The National Law Journal2010-09-28 12:00:00 AM
The roller-coaster ride isn't over yet for plaintiffs lawyers attempting to recover legal fees in the antitrust case against the parent company of BAR/BRI.
U.S. District Judge Manuel Real in Los Angeles, citing an "egregious breach of McGuireWoods's ethical duties," on Monday granted $500,000 in fees to the firm -- significantly less than the $12 million originally awarded in a $49 million settlement with West Publishing Corp. in 2007.
The settlement resolved a class action by 300,000 consumers who alleged they paid an average $1,000 in overcharges for the bar examination review course because West Publishing conspired to monopolize the market in a secret deal with Kaplan Inc., which sells preparatory courses for the Law School Aptitude Test.
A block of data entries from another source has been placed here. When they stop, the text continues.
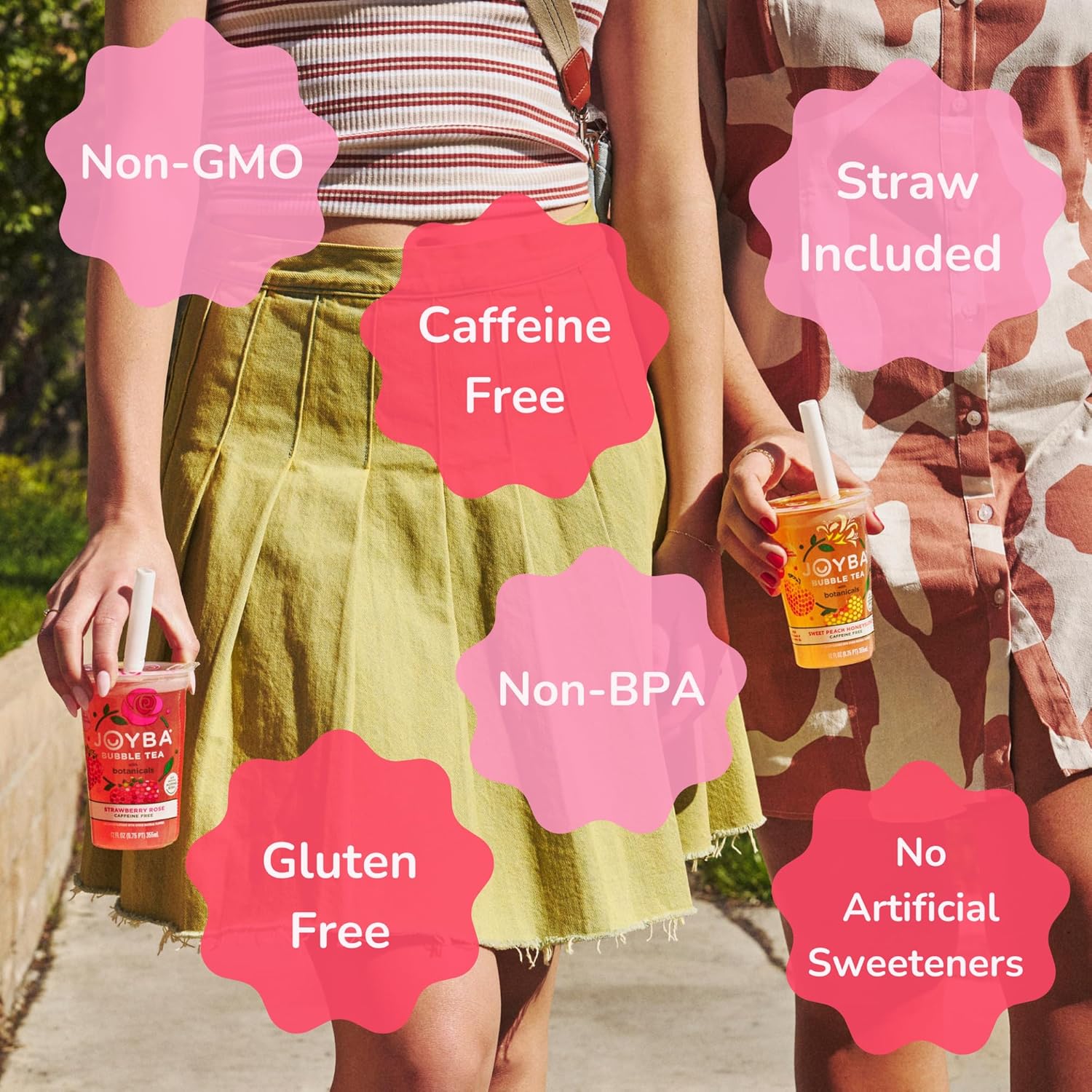- Joyba sweet peach flavor infused with honeysuckle botanicals into caffeine free tea with the perfect amount of popping boba.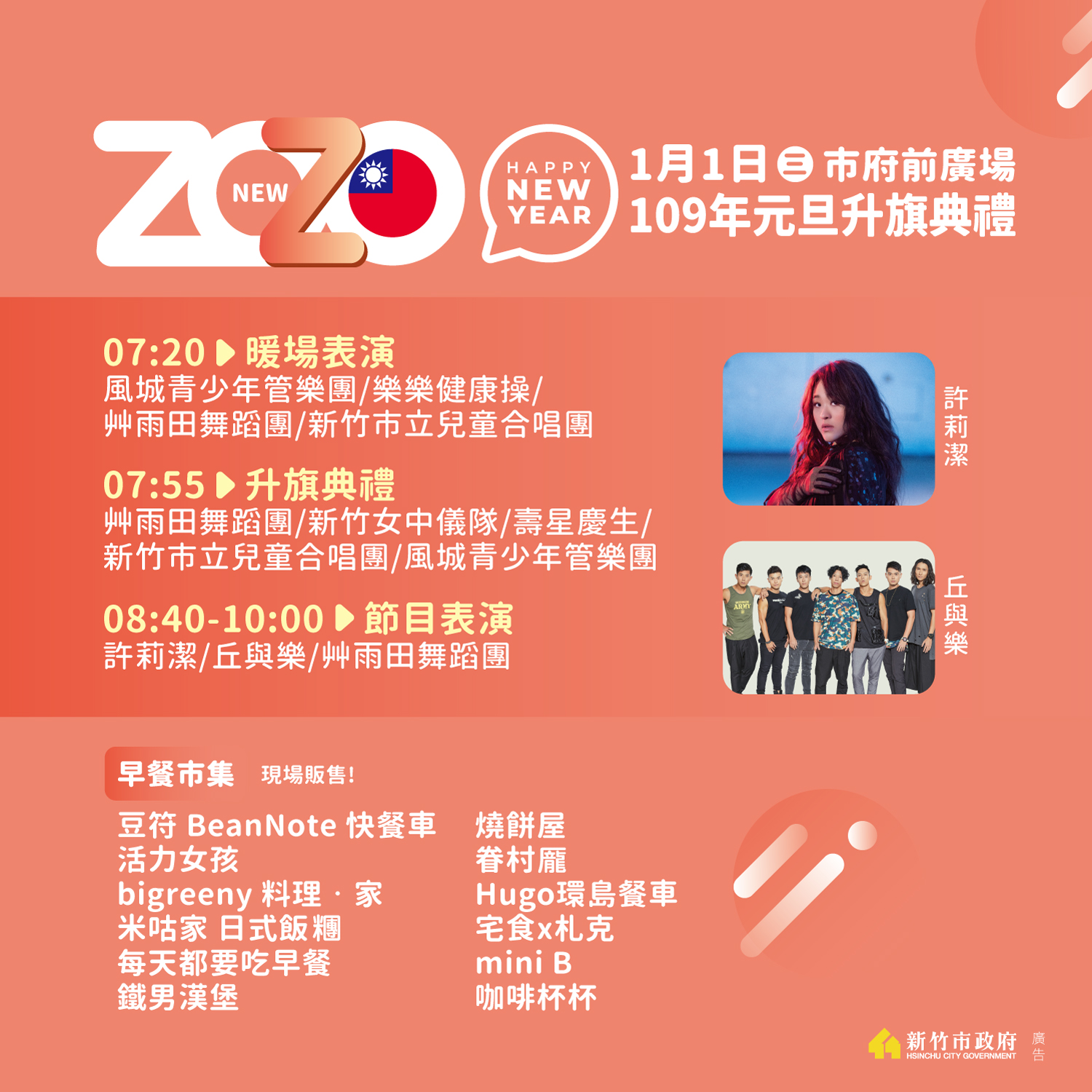 活動力邀知名歌手及樂團前來表演,包括歌手許莉潔及丘與樂樂團,還有在地知名團體艸雨田舞蹈團、風城青少年管樂團、新竹市立兒童合唱團、新竹女中儀隊等。除此之外,暖場演出還有一位新竹市最具代表的行銷大使【河馬樂樂】到場與元旦壽星小朋友們一起跳舞唷!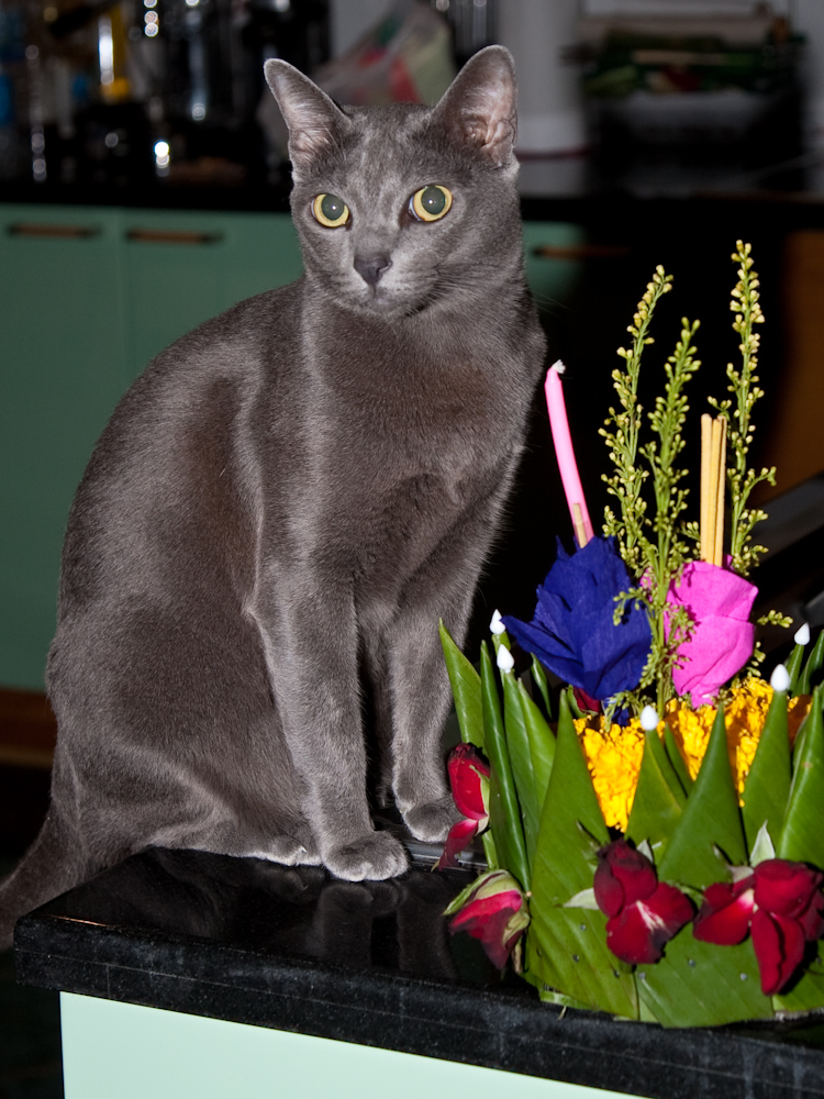 This is our Krathong, attracting the attention of Tiki who attempted to eat the candle immediately after the photo was taken. It was fashioned by hand, using all natural materials, by she who must be obeyed over a period of several hours. Or, we bought it on the street and the key ingredient is Styrofoam.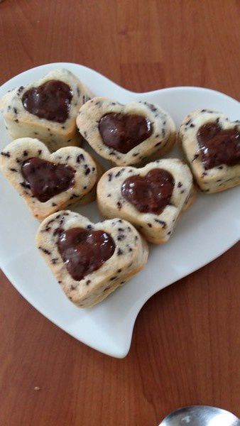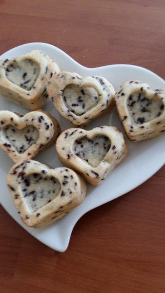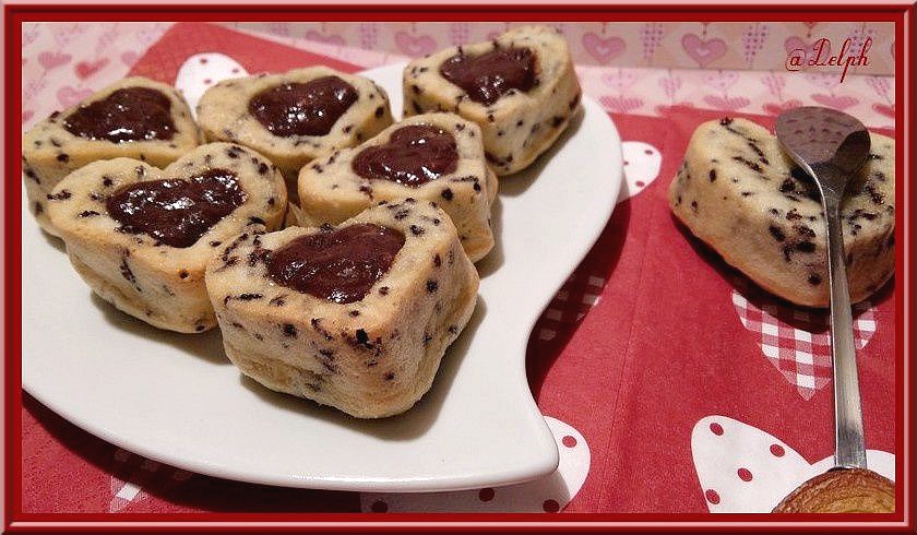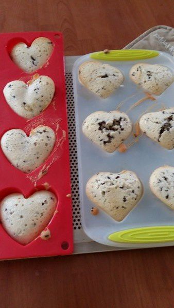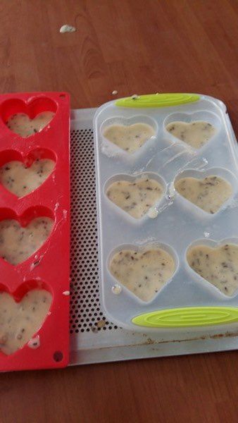 - Verser la pâte dans des petites empreintes. J’ai utilisé mon moule cœur avec une bosse dans le fond pour pouvoir mettre la ganache.

Monday's hearing was the latest in a developing saga over legal fees. In addition to McGuireWoods, several other attorneys want fees for having represented groups of plaintiffs who objected to the original settlement on ground of conflict of interest. Specifically, they argued that incentive payments worth $25,000 to $75,000 that McGuireWoods promised to five class representatives were tied to the value of the settlement -- providing little reason to fight rather than make a deal.
Real approved the settlement but slashed the incentive payments.
Last year, the 9th U.S. Circuit Court of Appeals upheld the settlement but reversed Real's decision regarding the fees, concluding that the incentive payments, even if eliminated, presented a "disturbing appearance of impropriety." The panel asked Real to reassess the fees.
On remand, Real awarded no fees to McGuireWoods, saying the firm violated the California Rules of Professional Conduct by failing to inform class members about the incentive awards.
On a motion for reconsideration, Sidney Kanazawa, a partner in the Los Angeles office of McGuireWoods, said there "clearly was no egregious conduct by McGuireWoods," since similar incentive awards were approved in other cases and everyone knew about the awards in the BAR/BRI case. Furthermore, he wrote, the awards didn't harm class members, and any conflict was nullified when Real rejected the awards.
The firm has spent more than $1.25 million in expenses and about $5.6 million in attorney time, according to court documents.
On Monday, Real read his decision from the bench. The $500,000 in fees cover the period between July 10, 2007, and Sept. 10, 2010.
Outside the courtroom following the hearing, Kanazawa had no comment. He later provided an e-mailed statement: "We are disappointed and will appeal."
Real denied motions for reconsideration filed by several lawyers for the objectors, whose fees were reduced earlier this year.